Kent Haruf

The Kent Haruf Literary Celebration will take place for a second time Sept. 27-29. Haruf, pictured, was an award-winning author who lived in Salida until his death in 2014.

The Kent Haruf Literary Celebration will return for a second edition Sept. 27-29 at Salida SteamPlant.

Haruf was an award-winning author of six novels and also co-wrote a book of prose and photography. His works have been translated into 36 different languages. He lived in Salida until his death in 2014.

This year’s celebration will feature presenters who knew Haruf intimately.

“This year more people are coming to speak – people who worked with Kent and friends of Kent,” Haruf’s wife, Cathy Haruf, said. “It’s going to be a lot of fun.”

Haruf’s daughter, Sorel Haruf, will facilitate the event’s creative writing workshop. She has been a teacher for 30 years.

Other presenters include Mark Spragg, Sue Hodson, Peter Brown, Gregg Schwipps and Carol Samson.

“It’s for writers and readers and fans of Kent Haruf,” Cathy Haruf said about the celebration. “It’s for everybody.”

Spragg was written four books, including “Where Rivers Change Direction.”

Brown is a photographer who collaborated with Haruf on “West of Last Chance,” a book of prose and photography.

Hodson formerly worked at The Huntington Library, where all of Haruf’s papers are kept.

Schwipps is a professor and novelist who was also a student of Haruf’s at Southern Illinois University.

Samson is a director and playwright who adapted Haruf’s novel “The Tie That Binds” so that it can be performed.

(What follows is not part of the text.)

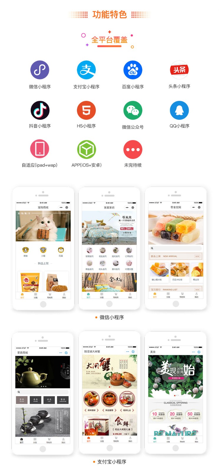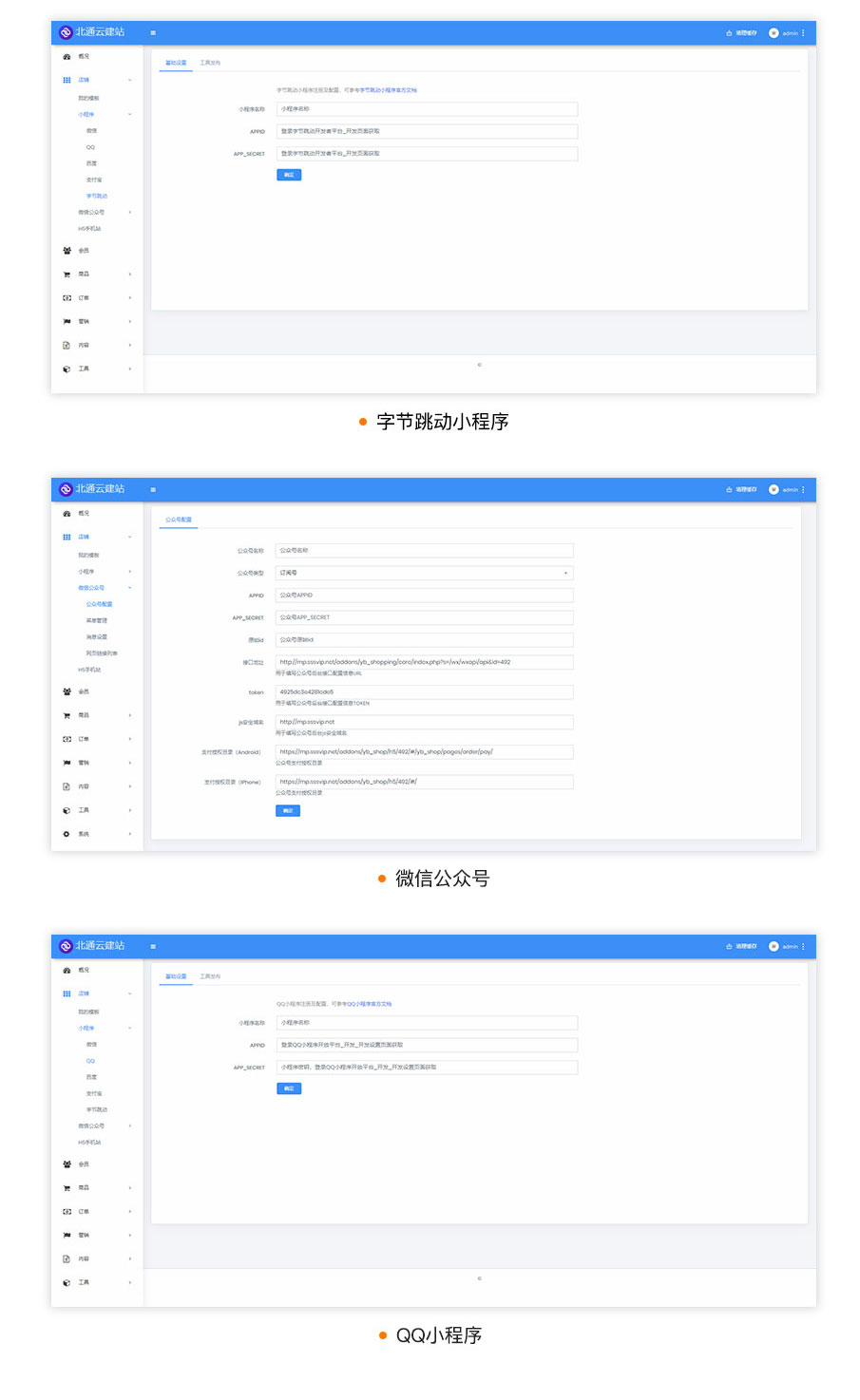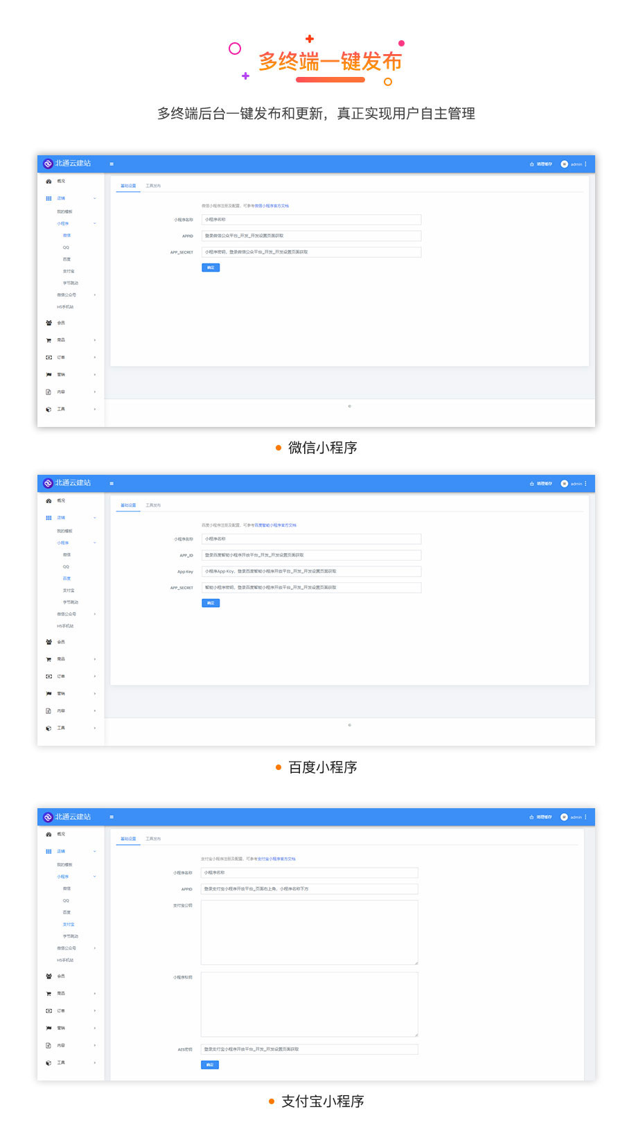 北通云建站·云店V2,是基于云店1.0的1000多名老客户使用和反馈基础上,全新的框架,重新架构和开发的新系统,主打3分钟全平台开店,微信,支付宝,头条,抖音,QQ全平台覆盖,全平台-键生成,一个后台统-管理所有商品和订单,千套模板一键导入,不管是商品交易还是营销引流,都能简单轻松实现,搭配独有得商家端获客系统,精准的数据监控,品,订单,配送,客服,内容,营销等全方位移动化,轻松链接和触达每个潜在客户,让交易更加简单。

Two theatrical performances of “The Tie That Binds” will take place at September’s celebration, one in the evening of Sept. 28 and one in the afternoon of Sept. 29. Those performances will take place in the SteamPlant theater and will be open to the public.

The celebration will also feature presentations of “Our Souls at Night,” a movie made from Haruf’s book by the same name. Cathy Haruf said either the director or someone else involved with the film will be here to lead a discussion.

To register for the literary celebration, visit HonorKentHaruf.org or contact Cathy Haruf at 719-221-0691 or ckharuf@charter.net.

She encouraged people to register soon because space is limited.

A full schedule of the celebration is on the event’s website.

The celebration is also a fundraiser for the Kent Haruf Memorial Scholarship, which is open to high school juniors and seniors interested in creative writing. More information on the scholarship, which has a March deadline, can also be found on the event’s website.